ACTIVITY ->
Your answer should be an exact copy of the lines from the one containing "بادی فانتزی زنانه" through the last line of the records below, without any pictures.

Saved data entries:
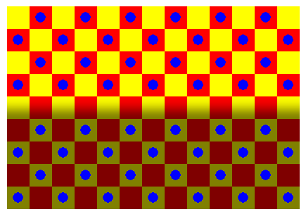 The blue circles in the upper half appear to be different in color from those in the lower half, though they are identical in color.
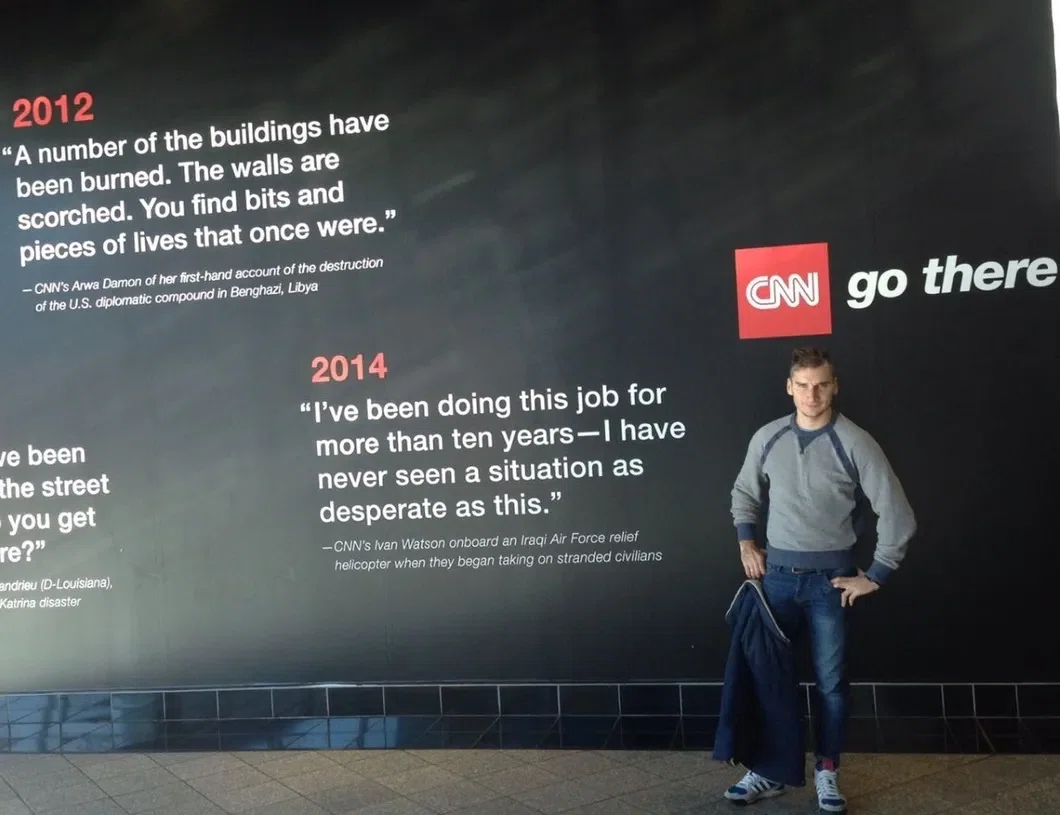 Дэвис ведет нас на экскурсию по штаб-квартире CNN. В огромном комплексе из нескольких зданий, подведенных под общий стеклянный купол, работают главные офисы национальных и международных новостей, испаноязычная редакция. При этом работу политических и экономических направлений курируют, соответственно, из отдельных офисов CNN в Вашингтоне и Нью-Йорке. Вещание канала попеременно происходит из студий в Атланте, Лондоне, Дубае и Гонконге. Производство также ведется в Лос-Анджелесе. Ведущий может работать из студии хоть в Вашингтоне или Нью-Йорке, но управление эфиром находится все равно здесь — под куполом в CNN-Center.
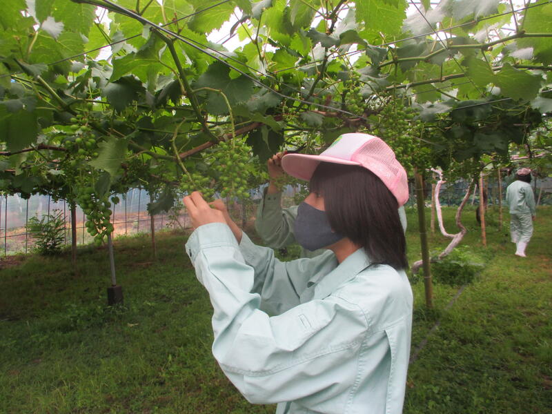 ブドウ摘粒【生活経営科課題研究 農業班】 投稿日時 : 2022/05/30 投稿者2 ブドウの摘粒実習を行ないました。粒を大きくし、房の形を整えるため、小さい粒、下向きの粒、内側の粒を落とします。 集中力が要求されます。
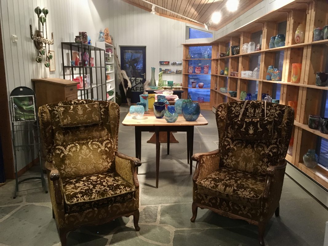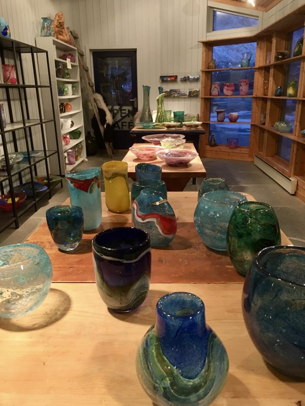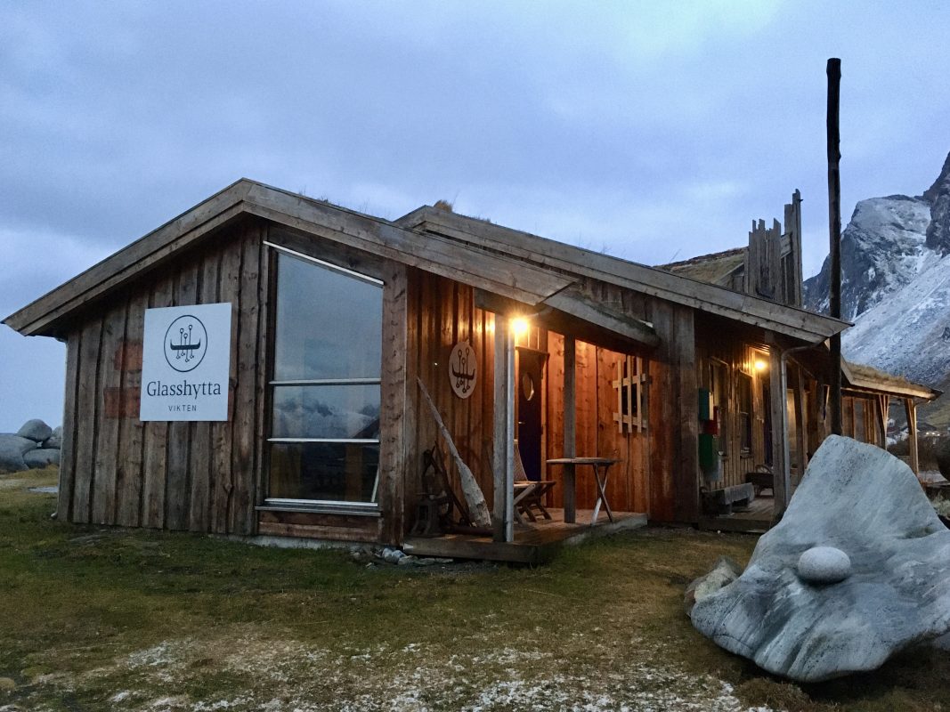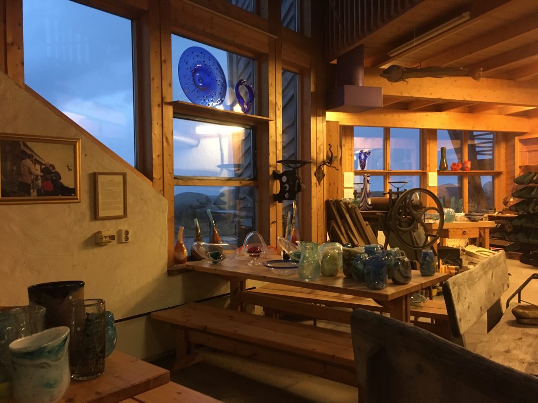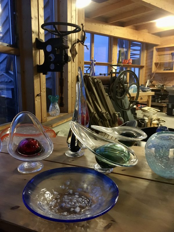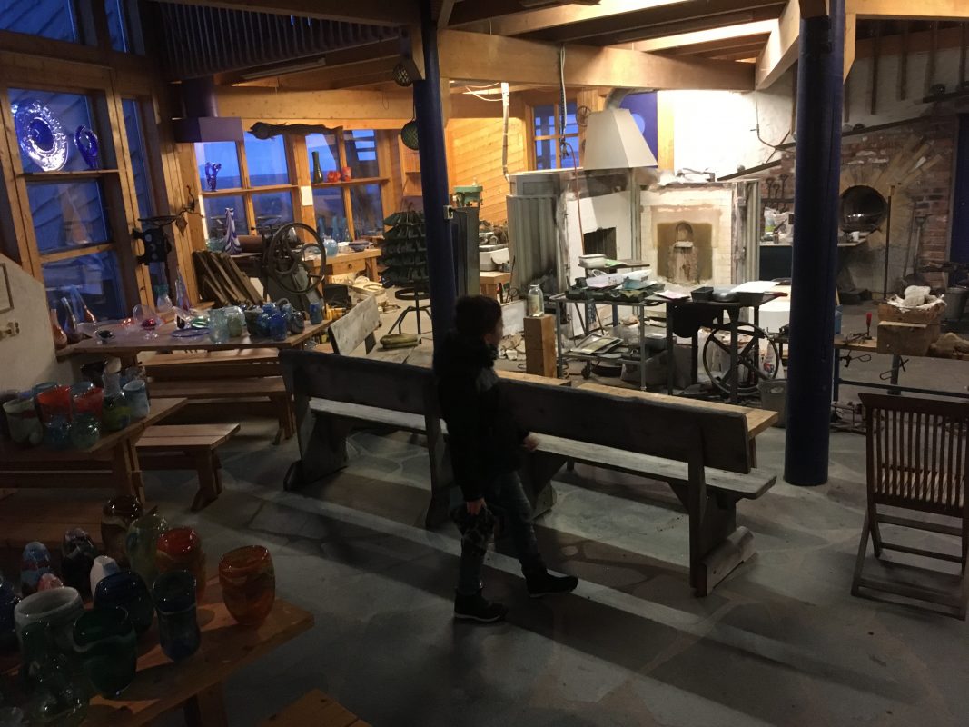 Gdy tylko wstał nowy dzień , spakowaliśmy się do auta i pojechaliśmy do Vikten, gdzie tuż przy linii brzegu u podnóża gór znaleźliśmy maleńką hutę szkła Glasshytta. Oczywiście był to ostatni dzień 2019 roku i było zamknięte dla zwiedzających. Dzięki temu, że zaglądnęliśmy jednak do środka okazało się, że właściciel, który jednocześnie był dmuchaczem szkła był wewnątrz 🙂 takie oto szczęście w nieszczęściu. Pootwierał dla nas wszystkie wnętrza. Dzieci mogły pooglądać szklane cuda i linię produkcyjną. Dowiedzieliśmy się również od niego, że w okolicy jest dużo Polaków i na przykład szkoła w Leknes budowana była przez Polaków.
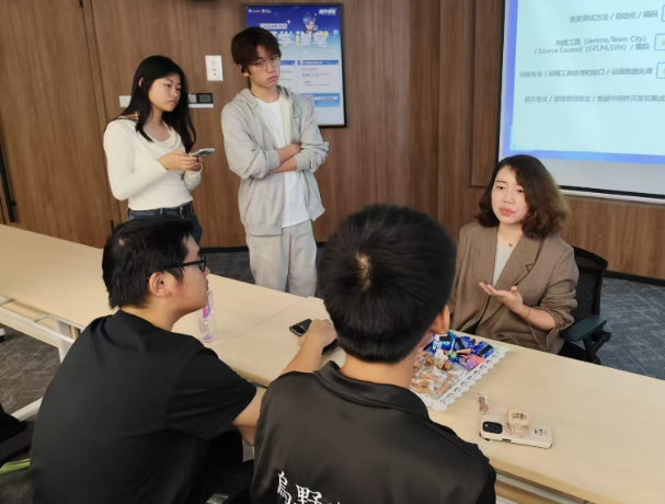 随后,同学们参观了办公区域,工作人员以“游戏开发者的一天”为主题,向同学们介绍了游戏公司大致的工作内容。
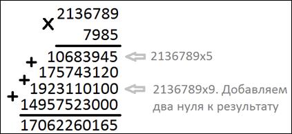После того, как были реализованы операции сложения и вычитания, перешли к написанию операции умножения, которую выполняет метод proisvedenie (BigInteger, BigInteger). Также в его основе лежит принцип умножения «столбиком». Выбираем одно из больших чисел, и поэтапно умножаем числа из каждого разряда этого большого числа, на другое большое число. В результате на каждом шаге у нас получаются «промежуточные» большие числа, суммируя которые с помощью описанного выше метода summa (BigInteger, BigInteger) мы получаем необходимый нам результат. При этом не забываем в зависимости от разряда множителя «добивать» начальные разряды «промежуточных» больших чисел нулями. Как и в предыдущих операциях при поразрядном перемножении в результат мы записываем остаток от деления на 10 и, если результат поразрядного перемножения больше либо равен 10, то на следующем шаге перемножения мы прибавляем число равное целой части от деления предыдущего результата на 10. Также для ускорения процесса перемножения были выделены особые случаи – умножение на 0 и на 1. Пример перемножения двух больших чисел представлен на рисунке 5.
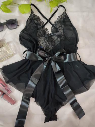 بادی فانتزی زنانه فنردار توری پشت ضربدری فاق بازشو
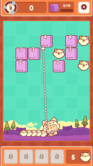 1、玩法很简单,砖块上标着数字几,就代表要撞几下才能把它干掉。你就不断发射猫球,让它在里面来回弹,把数字磨光就行了。大家看下面这张截图,一目了然。
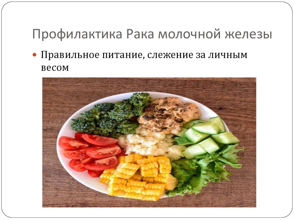 Профилактика Рака молочной железыПравильное питание, слежение за личным
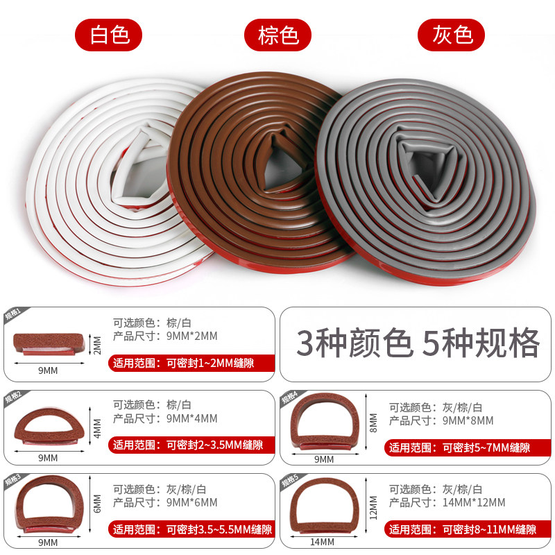 Door seam sealing strip Window sound insulation door frame anti-collision Door and window gap is pasted from the adhesive windproof rubber strip anti-theft door seal

YOUR SOLUTION ->
 بادی فانتزی زنانه فنردار توری پشت ضربدری فاق بازشو
 1、玩法很简单,砖块上标着数字几,就代表要撞几下才能把它干掉。你就不断发射猫球,让它在里面来回弹,把数字磨光就行了。大家看下面这张截图,一目了然。
 Профилактика Рака молочной железыПравильное питание, слежение за личным
 Door seam sealing strip Window sound insulation door frame anti-collision Door and window gap is pasted from the adhesive windproof rubber strip anti-theft door seal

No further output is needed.